Western blot analysis of head extracts reveals a 35% decrease in Aldolase protein levels in Aldm4 homozygotes normalized to the levels of triosephosphate isomerase (Tpi), another glycolytic enzyme that immediately follows Aldolase in the pathway (Fig 2B). In Df/Aldm4 flies, Aldolase levels are decreased by approximately 80%. These results confirm that Aldm4 is a hypomorphic allele and that the R60H mutation affects either the production or stability of the Aldolase mRNA or protein.

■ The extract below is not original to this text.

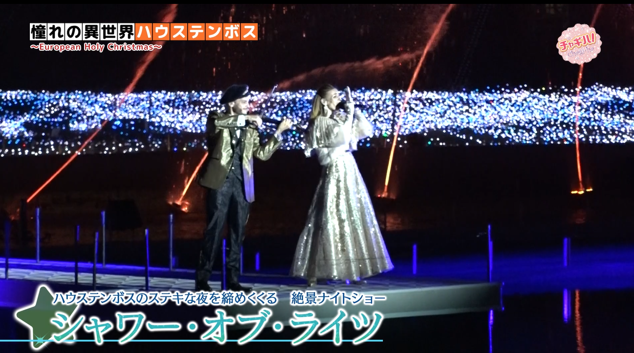 そして、ハウステンボスの夜を締めくくるのが「シャワー・オブ・ライツ」です。光と花火と噴水の絶景エンターテインメントショーで、アーティストによる生歌と生演奏がドラマチックに演出します。

Aldolase plays an essential role in glycolysis, catalyzing the conversion of fructose 1,6-bisphosphate to dihydoxyacetone phosphate (DHAP) and glyceradehyde-3-phosphate (GAP), which are further catabolized to pyruvate (the TCA cycle fuel), ATP and NADH. It is expected that any disruption of Aldolase activity should lead to a decreased ability to maintain normal levels of cellular energy. To test whether the Aldm4 R60H mutation causes a reduction of Aldolase activity, we assayed total ATP levels in mutant flies. Aldm4 homozygotes exhibit a roughly 50% reduction in steady-state ATP levels. This reduction is similar to that observed in flies carrying only a single normal allele of Aldolase, Df(Ald)/+ (Fig 2C) consistent with the conclusion that Aldm4 is hypomorphic mutation. Moreover, ATP levels are further reduced in Df(Ald)/Aldm4 flies compared with Df(Ald)/+. Together these data show that the R60H mutation in Aldolase reduces ATP levels, by causing a decrease in Aldolase protein levels and perhaps by reducing enzymatic activity as well.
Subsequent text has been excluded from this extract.